- EXERCISE DIRECTIONS
Pull out each line of the data that includes the word "комплект".

[Items from a dataset]
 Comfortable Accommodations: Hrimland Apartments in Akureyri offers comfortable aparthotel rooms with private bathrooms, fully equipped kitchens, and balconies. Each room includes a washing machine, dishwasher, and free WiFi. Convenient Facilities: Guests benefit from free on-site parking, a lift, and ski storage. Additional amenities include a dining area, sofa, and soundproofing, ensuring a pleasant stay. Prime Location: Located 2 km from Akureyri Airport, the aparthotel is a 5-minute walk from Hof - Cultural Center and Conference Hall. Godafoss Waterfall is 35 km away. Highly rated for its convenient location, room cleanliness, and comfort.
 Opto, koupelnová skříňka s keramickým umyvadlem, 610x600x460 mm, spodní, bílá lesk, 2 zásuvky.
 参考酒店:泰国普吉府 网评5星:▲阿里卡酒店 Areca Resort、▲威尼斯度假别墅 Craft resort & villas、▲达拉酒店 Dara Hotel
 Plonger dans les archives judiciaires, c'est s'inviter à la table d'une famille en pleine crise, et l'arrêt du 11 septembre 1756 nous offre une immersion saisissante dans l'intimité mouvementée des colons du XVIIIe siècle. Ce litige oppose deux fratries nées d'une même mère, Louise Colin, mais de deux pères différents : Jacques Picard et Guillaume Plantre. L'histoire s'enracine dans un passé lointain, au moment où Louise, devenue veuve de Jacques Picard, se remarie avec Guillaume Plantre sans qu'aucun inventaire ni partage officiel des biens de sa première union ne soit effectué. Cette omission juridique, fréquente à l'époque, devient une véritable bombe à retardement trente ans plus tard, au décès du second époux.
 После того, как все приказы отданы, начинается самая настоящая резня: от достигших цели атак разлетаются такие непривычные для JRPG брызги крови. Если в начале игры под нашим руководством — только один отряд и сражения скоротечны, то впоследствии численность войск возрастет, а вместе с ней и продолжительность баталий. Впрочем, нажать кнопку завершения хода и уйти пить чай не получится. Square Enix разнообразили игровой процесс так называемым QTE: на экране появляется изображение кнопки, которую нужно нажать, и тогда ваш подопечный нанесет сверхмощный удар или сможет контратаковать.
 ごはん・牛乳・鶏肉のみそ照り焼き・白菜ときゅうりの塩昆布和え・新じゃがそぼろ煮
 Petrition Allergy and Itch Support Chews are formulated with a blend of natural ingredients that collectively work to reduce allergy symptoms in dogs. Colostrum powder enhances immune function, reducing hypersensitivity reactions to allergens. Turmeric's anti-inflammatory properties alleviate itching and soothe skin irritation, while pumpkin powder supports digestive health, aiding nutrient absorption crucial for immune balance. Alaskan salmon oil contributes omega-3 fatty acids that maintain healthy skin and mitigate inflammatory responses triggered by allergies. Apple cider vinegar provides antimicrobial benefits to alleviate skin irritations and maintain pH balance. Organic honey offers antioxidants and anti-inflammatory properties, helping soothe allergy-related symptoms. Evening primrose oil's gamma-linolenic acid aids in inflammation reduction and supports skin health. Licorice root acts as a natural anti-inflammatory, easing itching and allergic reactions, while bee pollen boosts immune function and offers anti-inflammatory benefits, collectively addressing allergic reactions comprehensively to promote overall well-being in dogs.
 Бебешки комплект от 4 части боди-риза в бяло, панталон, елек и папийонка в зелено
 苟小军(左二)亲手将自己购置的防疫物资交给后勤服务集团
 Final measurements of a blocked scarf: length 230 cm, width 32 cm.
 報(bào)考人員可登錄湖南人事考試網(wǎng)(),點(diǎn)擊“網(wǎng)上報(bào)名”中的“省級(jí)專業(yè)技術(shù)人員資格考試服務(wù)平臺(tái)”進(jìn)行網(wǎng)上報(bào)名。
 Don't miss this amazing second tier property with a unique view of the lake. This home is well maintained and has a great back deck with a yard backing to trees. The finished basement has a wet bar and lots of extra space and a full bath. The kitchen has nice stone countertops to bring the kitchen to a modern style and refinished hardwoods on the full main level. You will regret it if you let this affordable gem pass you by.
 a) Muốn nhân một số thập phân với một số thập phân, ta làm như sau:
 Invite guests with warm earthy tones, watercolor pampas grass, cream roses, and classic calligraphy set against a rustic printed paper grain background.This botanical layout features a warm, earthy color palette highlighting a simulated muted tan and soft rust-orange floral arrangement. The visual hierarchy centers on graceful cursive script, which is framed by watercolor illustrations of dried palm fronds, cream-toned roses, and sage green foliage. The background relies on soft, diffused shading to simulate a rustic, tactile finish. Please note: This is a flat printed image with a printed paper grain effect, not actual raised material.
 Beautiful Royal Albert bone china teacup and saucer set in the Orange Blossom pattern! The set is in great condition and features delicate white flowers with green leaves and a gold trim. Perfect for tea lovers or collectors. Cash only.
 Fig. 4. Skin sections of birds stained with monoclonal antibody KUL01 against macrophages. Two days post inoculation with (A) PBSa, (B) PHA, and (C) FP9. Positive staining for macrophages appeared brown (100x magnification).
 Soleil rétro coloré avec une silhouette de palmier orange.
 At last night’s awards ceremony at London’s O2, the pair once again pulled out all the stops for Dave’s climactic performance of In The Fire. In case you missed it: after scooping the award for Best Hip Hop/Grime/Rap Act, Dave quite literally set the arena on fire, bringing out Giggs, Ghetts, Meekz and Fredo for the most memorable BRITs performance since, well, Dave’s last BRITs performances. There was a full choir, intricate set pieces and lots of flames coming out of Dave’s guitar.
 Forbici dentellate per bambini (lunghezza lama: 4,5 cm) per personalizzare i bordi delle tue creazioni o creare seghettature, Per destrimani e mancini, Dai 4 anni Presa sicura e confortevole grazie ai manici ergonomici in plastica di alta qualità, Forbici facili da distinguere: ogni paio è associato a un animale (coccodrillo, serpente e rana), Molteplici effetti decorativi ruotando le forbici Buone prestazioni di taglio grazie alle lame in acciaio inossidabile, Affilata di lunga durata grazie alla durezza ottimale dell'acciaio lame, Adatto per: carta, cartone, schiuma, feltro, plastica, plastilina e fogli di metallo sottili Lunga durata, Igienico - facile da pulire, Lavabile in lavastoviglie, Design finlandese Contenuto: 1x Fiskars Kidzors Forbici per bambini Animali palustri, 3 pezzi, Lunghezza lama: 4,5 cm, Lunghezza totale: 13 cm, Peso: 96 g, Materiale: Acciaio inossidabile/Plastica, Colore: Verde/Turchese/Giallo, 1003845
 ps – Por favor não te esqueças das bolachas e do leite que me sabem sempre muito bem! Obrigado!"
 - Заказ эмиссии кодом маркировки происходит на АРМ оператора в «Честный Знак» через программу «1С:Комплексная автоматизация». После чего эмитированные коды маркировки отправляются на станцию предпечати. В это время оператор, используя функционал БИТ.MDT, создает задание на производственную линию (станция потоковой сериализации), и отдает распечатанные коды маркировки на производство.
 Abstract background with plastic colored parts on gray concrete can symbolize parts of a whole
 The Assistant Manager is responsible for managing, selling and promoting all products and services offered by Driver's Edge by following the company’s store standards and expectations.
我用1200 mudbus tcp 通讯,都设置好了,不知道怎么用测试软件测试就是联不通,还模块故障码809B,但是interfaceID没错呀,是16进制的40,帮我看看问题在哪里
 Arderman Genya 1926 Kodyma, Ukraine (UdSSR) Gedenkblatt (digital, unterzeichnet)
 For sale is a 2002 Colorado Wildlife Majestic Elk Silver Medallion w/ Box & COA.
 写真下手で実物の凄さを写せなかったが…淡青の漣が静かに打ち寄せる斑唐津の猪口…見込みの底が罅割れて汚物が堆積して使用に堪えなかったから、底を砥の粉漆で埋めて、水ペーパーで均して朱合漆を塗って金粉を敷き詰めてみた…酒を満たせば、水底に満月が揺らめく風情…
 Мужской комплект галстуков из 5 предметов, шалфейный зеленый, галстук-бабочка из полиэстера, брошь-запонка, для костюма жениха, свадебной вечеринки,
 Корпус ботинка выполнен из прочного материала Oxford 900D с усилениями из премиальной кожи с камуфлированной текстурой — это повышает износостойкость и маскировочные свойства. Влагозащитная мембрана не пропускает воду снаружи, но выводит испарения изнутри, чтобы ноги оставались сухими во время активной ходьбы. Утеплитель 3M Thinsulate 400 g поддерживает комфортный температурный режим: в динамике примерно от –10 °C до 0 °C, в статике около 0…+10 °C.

- ANSWER BOX
 Бебешки комплект от 4 части боди-риза в бяло, панталон, елек и папийонка в зелено
 Мужской комплект галстуков из 5 предметов, шалфейный зеленый, галстук-бабочка из полиэстера, брошь-запонка, для костюма жениха, свадебной вечеринки,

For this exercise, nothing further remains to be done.